(Stored records)
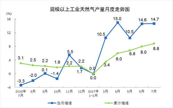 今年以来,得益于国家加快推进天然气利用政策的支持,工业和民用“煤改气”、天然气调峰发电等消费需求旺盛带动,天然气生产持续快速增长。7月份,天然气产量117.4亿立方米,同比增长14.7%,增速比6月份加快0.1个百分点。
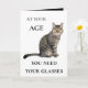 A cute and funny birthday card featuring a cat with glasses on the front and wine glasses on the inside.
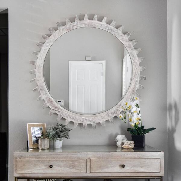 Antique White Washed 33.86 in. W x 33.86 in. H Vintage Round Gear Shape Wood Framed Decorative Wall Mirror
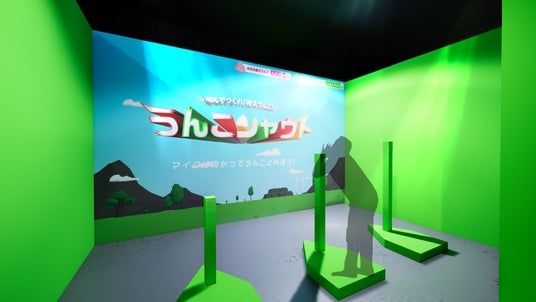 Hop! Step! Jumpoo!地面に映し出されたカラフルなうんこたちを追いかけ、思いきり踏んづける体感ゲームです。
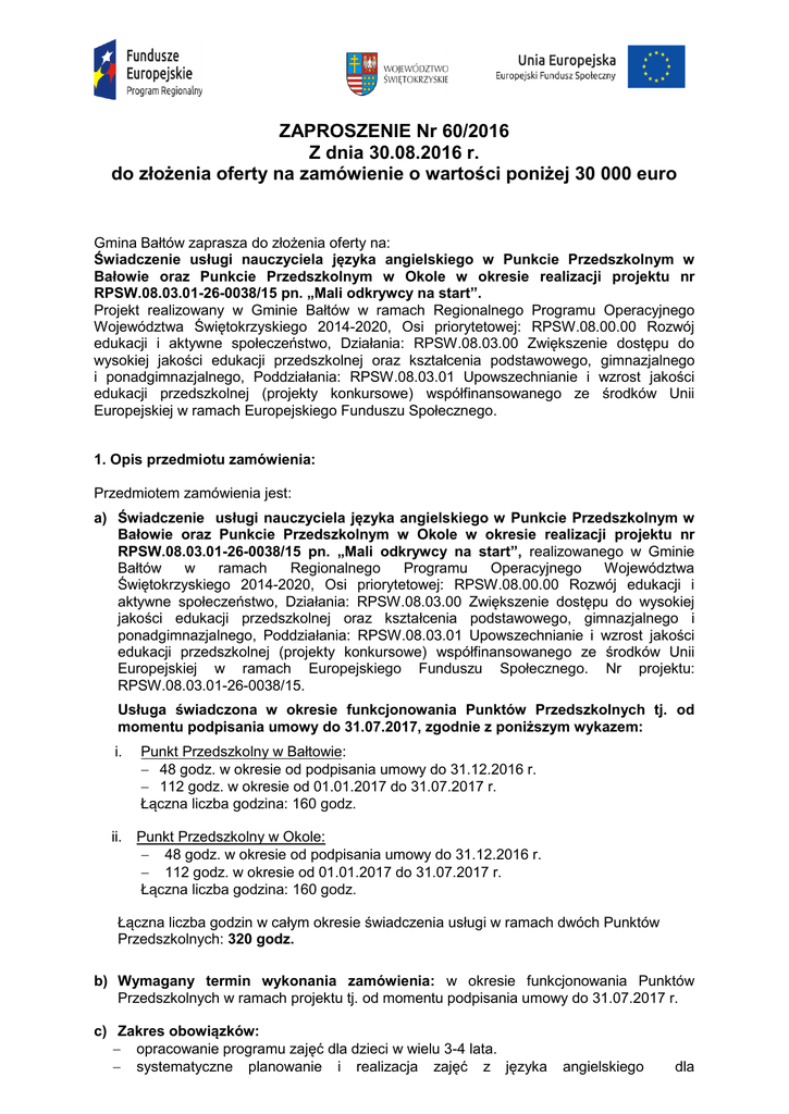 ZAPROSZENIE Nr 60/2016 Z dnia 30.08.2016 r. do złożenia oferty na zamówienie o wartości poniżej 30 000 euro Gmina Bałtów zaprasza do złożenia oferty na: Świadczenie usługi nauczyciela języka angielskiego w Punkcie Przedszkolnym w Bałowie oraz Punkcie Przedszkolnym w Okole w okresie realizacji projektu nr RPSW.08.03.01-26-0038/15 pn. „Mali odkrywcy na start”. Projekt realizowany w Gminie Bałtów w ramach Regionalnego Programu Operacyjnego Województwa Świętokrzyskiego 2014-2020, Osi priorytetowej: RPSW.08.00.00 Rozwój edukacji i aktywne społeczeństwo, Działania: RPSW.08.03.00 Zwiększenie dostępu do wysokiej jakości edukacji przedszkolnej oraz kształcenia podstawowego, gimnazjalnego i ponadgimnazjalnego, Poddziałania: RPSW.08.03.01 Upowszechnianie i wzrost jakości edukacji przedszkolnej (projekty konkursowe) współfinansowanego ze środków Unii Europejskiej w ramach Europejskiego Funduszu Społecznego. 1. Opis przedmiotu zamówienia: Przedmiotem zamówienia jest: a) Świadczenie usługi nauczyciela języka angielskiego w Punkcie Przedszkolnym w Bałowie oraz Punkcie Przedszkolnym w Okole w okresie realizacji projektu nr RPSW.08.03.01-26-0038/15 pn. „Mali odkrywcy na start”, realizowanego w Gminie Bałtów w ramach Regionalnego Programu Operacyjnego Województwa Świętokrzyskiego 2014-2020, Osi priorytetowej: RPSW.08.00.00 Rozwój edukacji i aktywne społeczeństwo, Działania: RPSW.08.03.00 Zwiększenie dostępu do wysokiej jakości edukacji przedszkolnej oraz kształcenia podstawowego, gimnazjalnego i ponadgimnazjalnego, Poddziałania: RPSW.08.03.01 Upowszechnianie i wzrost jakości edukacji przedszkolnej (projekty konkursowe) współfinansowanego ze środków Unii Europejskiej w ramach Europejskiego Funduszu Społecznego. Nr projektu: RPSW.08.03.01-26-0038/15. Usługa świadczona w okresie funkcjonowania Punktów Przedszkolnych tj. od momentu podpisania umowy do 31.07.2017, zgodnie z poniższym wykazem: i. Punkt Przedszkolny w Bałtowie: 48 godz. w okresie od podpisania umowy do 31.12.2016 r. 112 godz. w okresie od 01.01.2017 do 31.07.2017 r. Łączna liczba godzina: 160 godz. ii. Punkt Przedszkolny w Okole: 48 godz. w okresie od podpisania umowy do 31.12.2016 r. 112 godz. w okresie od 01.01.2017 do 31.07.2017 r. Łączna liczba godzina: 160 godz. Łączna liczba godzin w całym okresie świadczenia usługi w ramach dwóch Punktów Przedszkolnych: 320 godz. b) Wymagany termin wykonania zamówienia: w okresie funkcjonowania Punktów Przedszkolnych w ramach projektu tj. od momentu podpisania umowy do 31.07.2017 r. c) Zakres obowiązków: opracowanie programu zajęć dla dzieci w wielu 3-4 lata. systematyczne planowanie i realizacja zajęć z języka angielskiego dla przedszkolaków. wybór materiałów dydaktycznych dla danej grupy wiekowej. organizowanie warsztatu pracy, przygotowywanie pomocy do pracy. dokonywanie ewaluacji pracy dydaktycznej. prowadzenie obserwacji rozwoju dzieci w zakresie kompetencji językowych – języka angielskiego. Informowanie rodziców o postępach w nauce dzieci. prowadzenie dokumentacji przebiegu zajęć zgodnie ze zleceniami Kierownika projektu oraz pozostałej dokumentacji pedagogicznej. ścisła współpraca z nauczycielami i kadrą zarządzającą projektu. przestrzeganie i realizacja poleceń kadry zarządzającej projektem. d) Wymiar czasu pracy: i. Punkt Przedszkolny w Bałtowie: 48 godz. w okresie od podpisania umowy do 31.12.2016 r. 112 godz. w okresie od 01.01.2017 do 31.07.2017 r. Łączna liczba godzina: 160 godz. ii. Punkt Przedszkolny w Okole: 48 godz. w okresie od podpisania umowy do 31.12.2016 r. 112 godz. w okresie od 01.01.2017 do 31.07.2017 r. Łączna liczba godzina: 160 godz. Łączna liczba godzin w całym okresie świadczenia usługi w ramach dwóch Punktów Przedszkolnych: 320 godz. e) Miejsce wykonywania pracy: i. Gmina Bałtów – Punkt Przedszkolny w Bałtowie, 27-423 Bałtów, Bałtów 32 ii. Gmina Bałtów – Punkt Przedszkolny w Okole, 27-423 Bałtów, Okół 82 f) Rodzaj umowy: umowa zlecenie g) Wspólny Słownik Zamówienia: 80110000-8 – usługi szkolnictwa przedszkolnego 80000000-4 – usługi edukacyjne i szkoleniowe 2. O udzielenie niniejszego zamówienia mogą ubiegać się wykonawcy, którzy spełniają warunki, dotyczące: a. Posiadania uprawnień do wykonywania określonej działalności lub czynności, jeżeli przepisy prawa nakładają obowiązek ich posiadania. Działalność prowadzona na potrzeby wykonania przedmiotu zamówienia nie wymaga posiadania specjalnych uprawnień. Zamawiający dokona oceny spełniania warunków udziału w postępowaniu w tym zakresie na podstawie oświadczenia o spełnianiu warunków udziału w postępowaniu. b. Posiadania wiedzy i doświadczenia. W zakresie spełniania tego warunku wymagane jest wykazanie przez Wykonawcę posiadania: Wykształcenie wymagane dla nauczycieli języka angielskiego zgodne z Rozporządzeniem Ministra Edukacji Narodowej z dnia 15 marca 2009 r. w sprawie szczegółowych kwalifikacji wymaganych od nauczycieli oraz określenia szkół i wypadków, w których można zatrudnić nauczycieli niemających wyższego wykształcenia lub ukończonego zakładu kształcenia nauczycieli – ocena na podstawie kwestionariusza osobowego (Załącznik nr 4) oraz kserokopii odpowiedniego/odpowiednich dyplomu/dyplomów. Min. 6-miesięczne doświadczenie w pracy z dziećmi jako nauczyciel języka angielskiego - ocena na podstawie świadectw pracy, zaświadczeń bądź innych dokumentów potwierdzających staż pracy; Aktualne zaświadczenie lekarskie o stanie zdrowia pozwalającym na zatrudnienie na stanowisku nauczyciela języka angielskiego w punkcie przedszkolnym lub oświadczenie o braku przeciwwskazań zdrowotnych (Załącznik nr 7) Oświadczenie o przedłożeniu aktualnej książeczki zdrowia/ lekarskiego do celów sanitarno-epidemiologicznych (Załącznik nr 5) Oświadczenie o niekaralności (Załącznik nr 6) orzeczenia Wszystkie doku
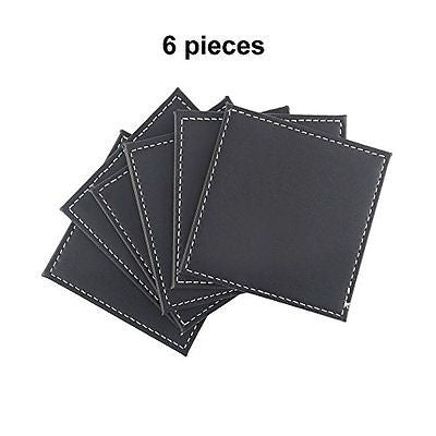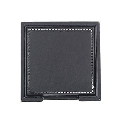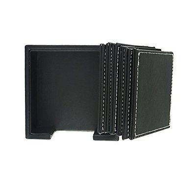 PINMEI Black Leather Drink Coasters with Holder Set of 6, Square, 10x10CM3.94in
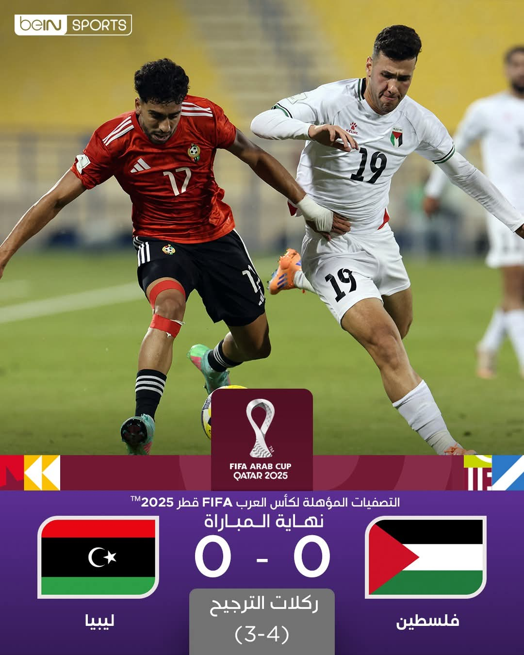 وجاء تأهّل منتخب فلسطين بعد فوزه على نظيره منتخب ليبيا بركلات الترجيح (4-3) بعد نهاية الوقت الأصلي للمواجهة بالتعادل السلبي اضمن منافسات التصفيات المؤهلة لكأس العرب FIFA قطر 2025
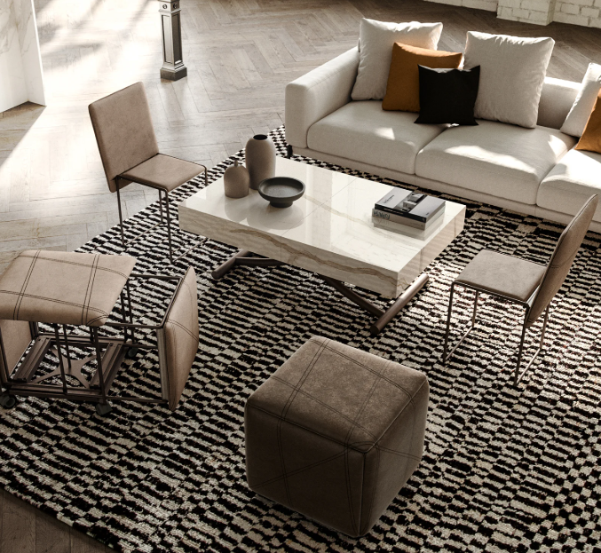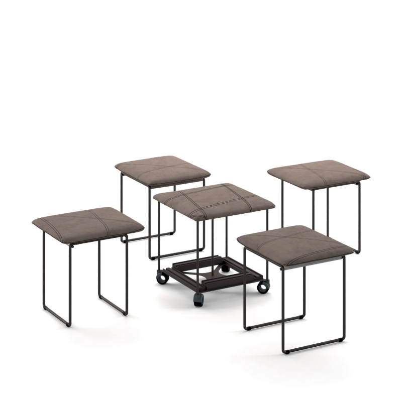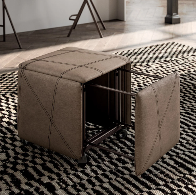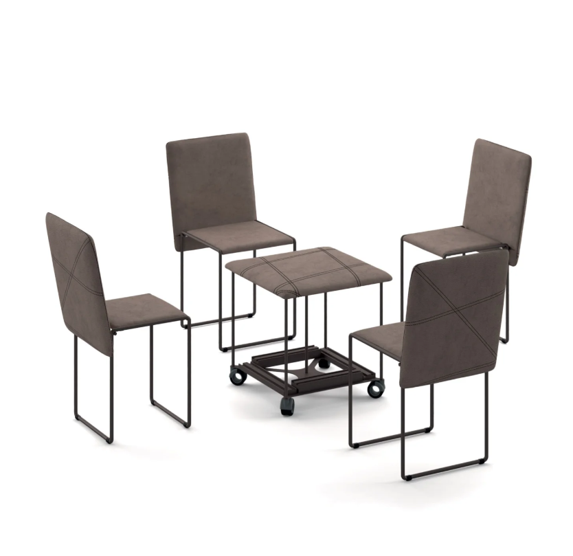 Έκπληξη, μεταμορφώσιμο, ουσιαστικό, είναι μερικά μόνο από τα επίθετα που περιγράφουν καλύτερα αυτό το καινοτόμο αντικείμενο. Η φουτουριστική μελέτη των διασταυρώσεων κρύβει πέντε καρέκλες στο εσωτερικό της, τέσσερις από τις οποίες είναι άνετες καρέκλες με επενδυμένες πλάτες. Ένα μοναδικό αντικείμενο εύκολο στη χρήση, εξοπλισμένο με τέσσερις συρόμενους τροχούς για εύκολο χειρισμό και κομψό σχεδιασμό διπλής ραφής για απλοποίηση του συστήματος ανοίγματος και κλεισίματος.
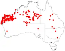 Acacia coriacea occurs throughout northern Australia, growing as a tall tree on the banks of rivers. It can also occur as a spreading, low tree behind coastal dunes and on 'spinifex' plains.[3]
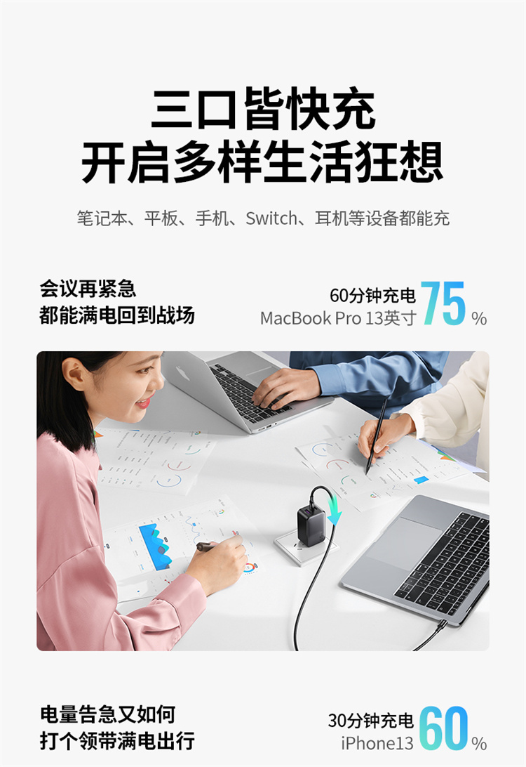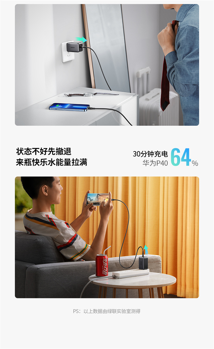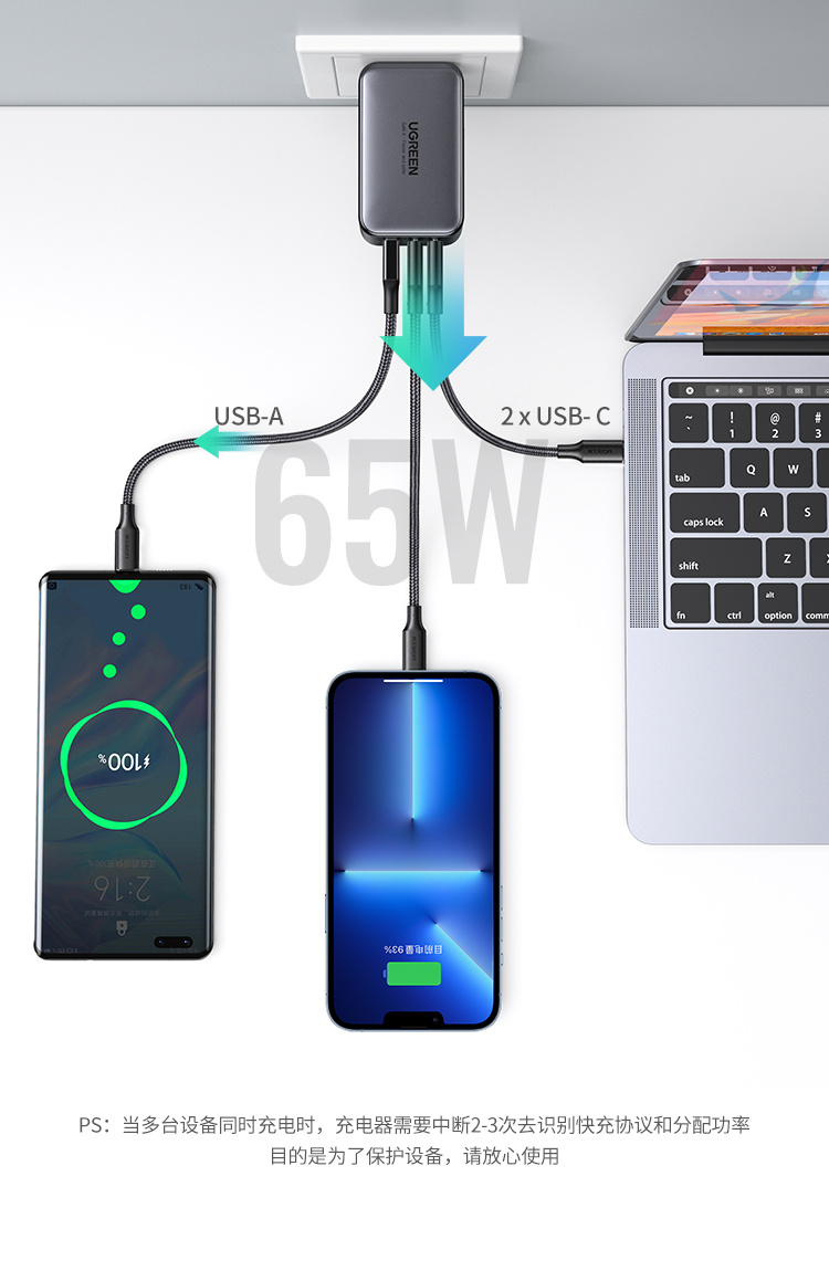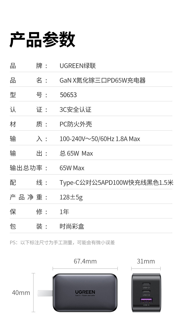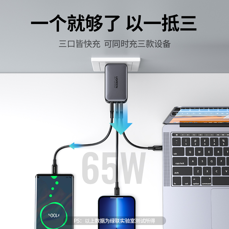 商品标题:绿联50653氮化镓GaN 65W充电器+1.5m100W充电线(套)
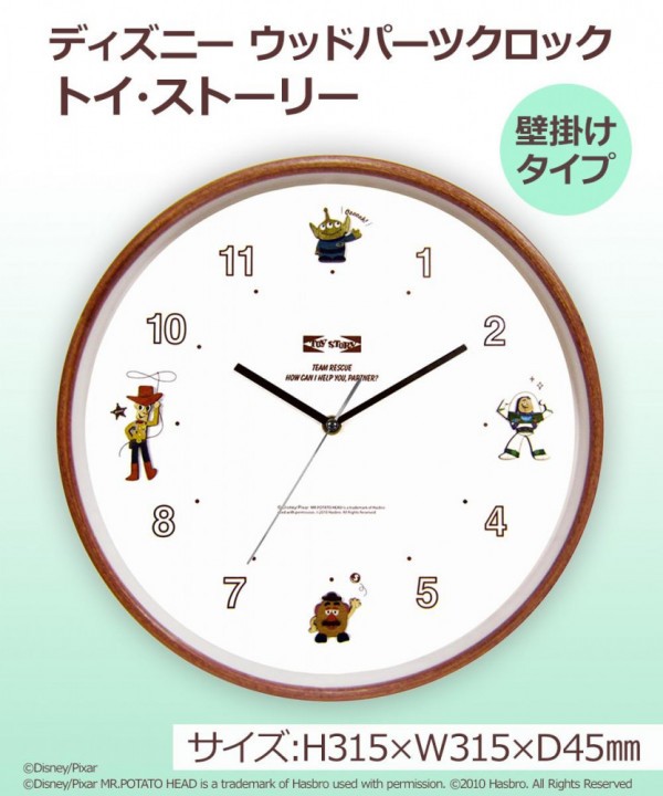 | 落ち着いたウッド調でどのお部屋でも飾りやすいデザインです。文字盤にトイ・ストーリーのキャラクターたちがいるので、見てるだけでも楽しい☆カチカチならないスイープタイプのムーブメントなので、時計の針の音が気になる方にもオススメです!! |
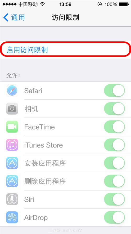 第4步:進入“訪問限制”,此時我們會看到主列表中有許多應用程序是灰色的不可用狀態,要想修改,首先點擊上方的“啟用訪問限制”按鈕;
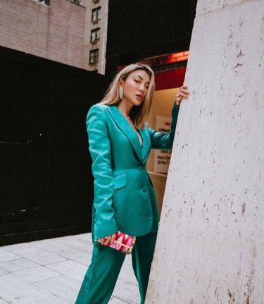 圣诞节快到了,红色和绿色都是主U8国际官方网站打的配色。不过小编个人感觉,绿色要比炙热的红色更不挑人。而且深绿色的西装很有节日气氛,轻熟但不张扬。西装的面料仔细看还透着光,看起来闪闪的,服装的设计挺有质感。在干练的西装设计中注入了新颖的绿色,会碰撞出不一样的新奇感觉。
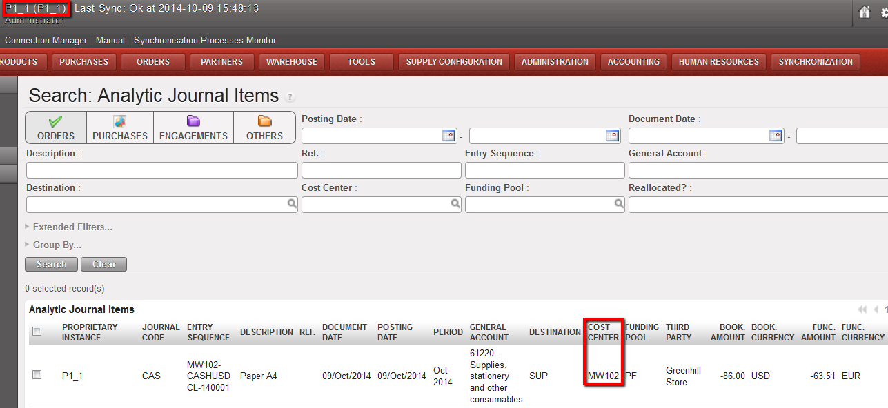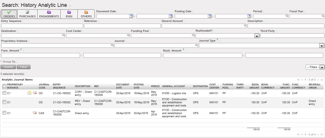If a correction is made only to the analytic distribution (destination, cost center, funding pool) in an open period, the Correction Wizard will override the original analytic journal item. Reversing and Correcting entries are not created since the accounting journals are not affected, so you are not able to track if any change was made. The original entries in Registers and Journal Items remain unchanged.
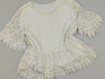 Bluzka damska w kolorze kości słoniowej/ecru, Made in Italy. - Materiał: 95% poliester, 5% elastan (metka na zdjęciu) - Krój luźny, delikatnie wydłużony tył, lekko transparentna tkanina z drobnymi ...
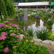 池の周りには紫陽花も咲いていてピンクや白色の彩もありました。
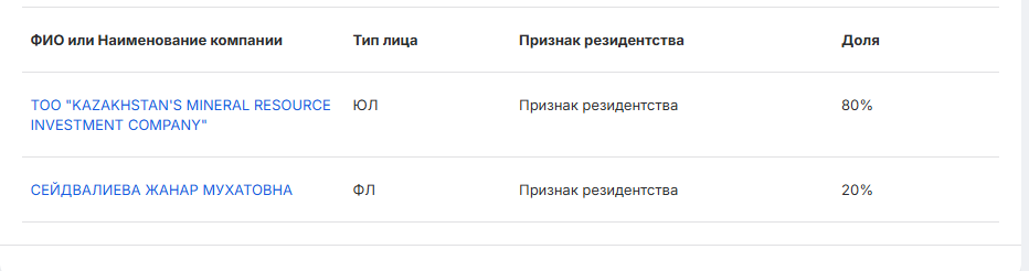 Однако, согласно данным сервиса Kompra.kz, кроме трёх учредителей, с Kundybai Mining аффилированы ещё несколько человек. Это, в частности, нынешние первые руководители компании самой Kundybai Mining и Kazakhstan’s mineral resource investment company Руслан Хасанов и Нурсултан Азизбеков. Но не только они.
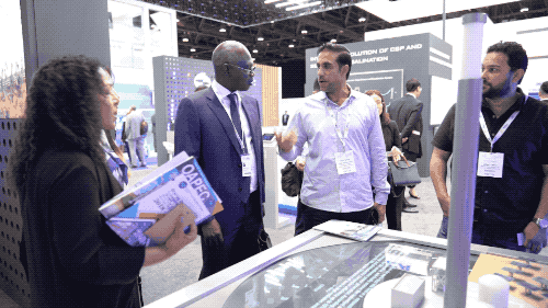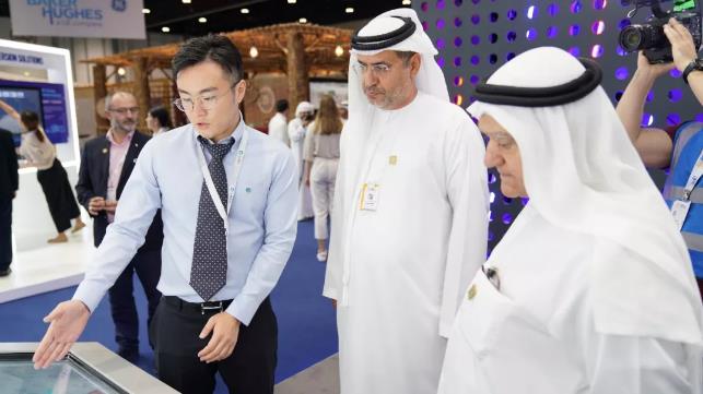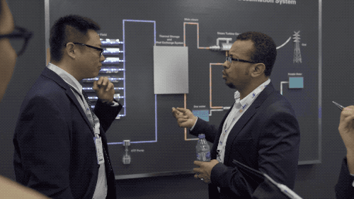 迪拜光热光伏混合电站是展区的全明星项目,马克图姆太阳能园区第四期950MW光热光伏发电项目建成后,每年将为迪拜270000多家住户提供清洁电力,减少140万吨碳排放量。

WORK REQUIRED:
From the data above, return only the lines starting at the line that holds "Antique White Washed" and ending at the line that holds "Hop! Step! Jumpoo!地面に映し出されたカラフルなうんこたちを追いかけ、思いきり踏んづける体感ゲームです。", word for word and without pictures.

RESPONSE:
 Antique White Washed 33.86 in. W x 33.86 in. H Vintage Round Gear Shape Wood Framed Decorative Wall Mirror
 Hop! Step! Jumpoo!地面に映し出されたカラフルなうんこたちを追いかけ、思いきり踏んづける体感ゲームです。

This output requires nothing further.